Letter to the editor: Compromise is crucial to politics and democracy

What is “politics”? To me it has always meant the realm of the possible. It meant that individuals with different approaches worked out agreements that recognized the goals of both sides and tried to give some satisfaction to each participant.

Today, politics means ideological opposition to anyone who does not affirm the total proposal. Thus, compromise means the loss of strength. Working with opponents is anathema, since it destroys the purity of one’s position. How can our nation survive? How can diverse relationships among our citizenry be maintained with peace and harmony when it is impossible to consider anything that is different from one’s own personal beliefs, be they religious, political or cultural?
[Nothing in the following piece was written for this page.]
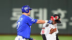 [OSEN=부산, 지형준 기자] 10일 오후 부산 사직구장에서 '2015 타이어뱅크 KBO 리그' 롯데 자이언츠와 삼성 라이온즈의 경기가 열렸다. 4회말 2사에서 삼성 채태인이 2루타를 날리고 롯데 정훈과 인사를 나누고 있다. 삼성은 클로이드
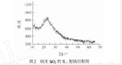 纳米SiO2 的X—射线衍射(XRD)图见图2。由图2 可见,在2θ= 23°处出现了一个馒头峰,表明该SiO2样品为非晶态物质所组成。

If that pall had overshadowed members of the 1787 Constitutional Convention, no document would have been completed and most probably no United States would exist today.

Here it is, 2024, and a candidate for the presidency envisages destruction of that glorious union that has evolved into a democracy while providing dynamic leadership to the world. He wants to pulverize it by creating a regime that resembles Putin’s Russia or even Maduro’s Venezuela.

How can anyone vote for someone who belittles persons with speech impediments or who use a cane or a wheelchair, who lauds the felons who vandalized the Capitol as “political hostages” while never honoring the police who were killed or injured in that attempted coup, who yearns to return women to second-class citizenship and to persecute LGBTQ communities, who scorns prisoners of war and even those killed in battle, who supports white supremacists and so-called “Christian” nationalists, who hypocritically pretends religiosity, who relentlessly aims to destroy faith in our legal/judicial system, and who, most importantly, is actively destroying trust in our government and in our democracy?

May God deliver us from such arrogance and Machiavellian/un-American narcissism.